Management of Patients With Oral and Esophageal Disorders 

Management of Patients With Oral and Esophageal Disorders 
1. George Smith, a 55-year-old patient is admitted to the intensive care unit after a thoracotomy approach was used for an esophagectomy to remove an early stage adenocarcinoma of the distal esophagus and gastroesophageal junction. The patient has a history of GERD and Barrett’s esophagus. The patient sought medical treatment for dysphagia with solid foods, feeling that there was a lump in his throat and substernal pain with swallowing and subsequent regurgitation of undigested food and the development of hiccups. The patient has no other medical problems. (Learning Objectives 6 and 7)

  1. Describe the esophageal cancer that the patient has and how it relates to his history of GERD and Barrett’s esophagus.
  2. Explain the rationale for the early symptoms and late symptoms of esophageal cancer.
  3. What course of cancer treatment should the nurse anticipate that the patient in this case study would have?
  4. What nursing care should be provided for the patient in the intensive care unit in the early postoperative period?
  5. Explain the care the nurse should provide when the patient begins to eat.

2. Mr.
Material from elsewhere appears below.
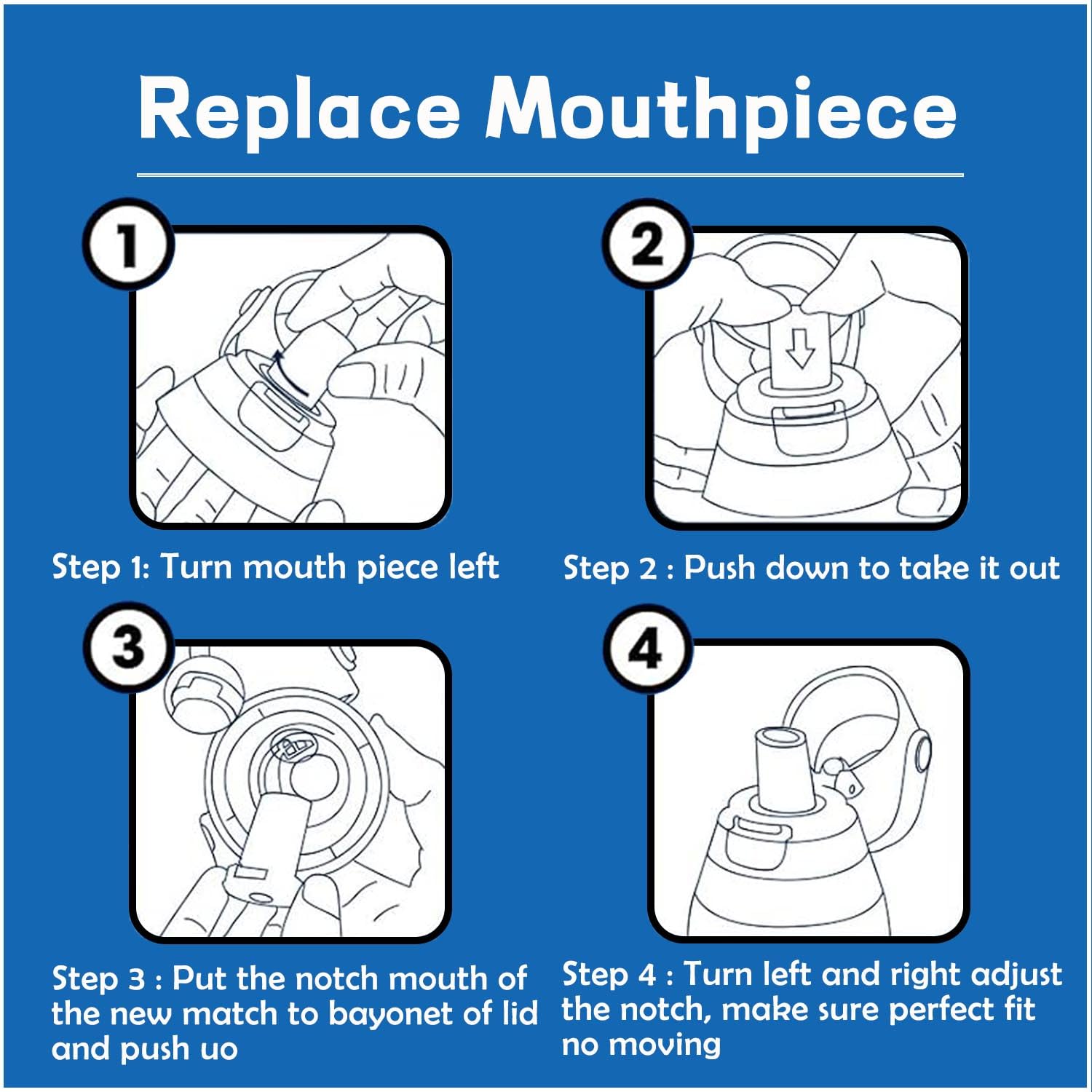 Easy Installation: The water bottle filter & mouthpiece replacement is designed to fit for brita filter water bottle perfectly . Three steps: Step 1: Flush it under tap water for about 20S;Step 2: Insert the filter in the straw;Step 3: push the mouthpiece,make sure to align the small square part up with the same on the cap,reattach with brita water bottle filter and you are good to go

Owens is a 62-year-old man who underwent a neck dissection yesterday due to cancer of the mouth. You are the nurse assigned to care for Mr. Owens during his first postoperative day. Initial assessment finds Mr. Owens sitting up in bed; he is drowsy, but oriented ×3 when aroused. He has significant edema in his neck and mouth area, but does not appear to be in respiratory distress. His respiratory rate is 16 to 18, and his oxygen saturation is 96% on 40% oxygen via face tent. He has two peripheral IV lines both infusing Lactated Ringer’s solution at 75 mL/hr. Two Jackson Pratt drainage tubes are partially filled with serosanguinous drainage. (Learning Objective 5)

  1. What is the rationale for the patient being placed in Fowler’s position after surgery?
  2. The nurse notes that there has been 240 mL output in the drainage tubes during the first 24 hours after the surgical procedure. What should the nurse do?
  3. Postoperatively, the nurse identifies that the patient is at risk for imbalanced nutrition, less than body requirements related to anorexia and dysphagia. The nurse instructs Mr. Owens to eat soft food and suggests that he tilt his head to the unaffected side to facilitate swallowing. What is the rationale for these instructions?
  4. In reviewing Mr. Owens’ medical record, what findings in his health history are associated with development of oral cancer?